At which point, back in the programme, myself and the panellists were told off by La Bruce. She raised a finger and began, ‘Can I just say one thing? This programme is only going to work if you let each other speak, don’t talk across each other and let the audience in.’ And stop over-thinking the local photos, she wanted to add.

Piers’ mother had had a heart attack. Had she Googled ‘Piers Morgan’? Perhaps, but what Piers wanted to tell us was that she’d been taken to hospital and had a long wait in a corridor with 35 other people. When she finally did get to the front of the queue, she enjoyed first class treatment. He pointed out the growing and ageing population. He apologised to Wes but felt obliged to say Labour’s policy was tinkering at the edges with, given Rachael Reeves’ pledges on tax, no extra money.

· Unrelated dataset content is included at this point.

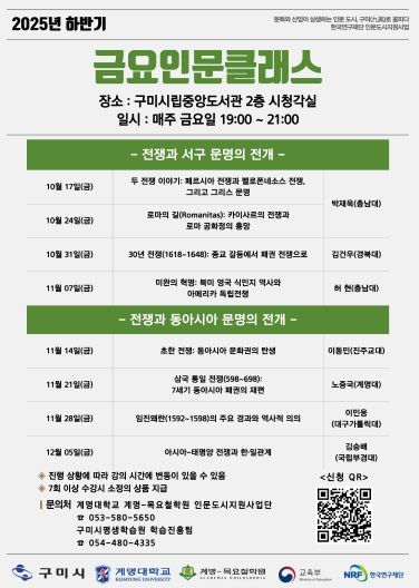 강좌의 대주제는 '전쟁사와 문명의 전개’로 전쟁이 단순한 충돌이 아닌 문명을 재편시키는 동력으로 작용해 온 역사적 의미를 동서양 전쟁사를 통해 탐구한다. 강좌는 10월 17일부터 12월 5일까지 매주 금요일 오후 7시부터 9시까지, 구미시립중앙도서관 시청각실에서 총 8회에 걸쳐 진행된다.

A GP spoke. She works over 50 hours a week. Seven hours a day, nice. She wanted more money, surprise, surprise. Nigel agreed with Piers about the population. We have to face up to the fact that the NHS isn’t working anymore. Health Service spending has increased but we’re not getting the delivery. He was in favour of a mixture of private and national insurance funding, like in France.

Something should have happened a long, long time ago, pointed out Rose. We have to stop taking medical staff from abroad. Other countries pay to train those people and then lose them. We must stop doing that.

On this excellent point, and after an enjoyable working day that lasted far north of seven hours, Dr Clock prescribed me a dose of bedtime.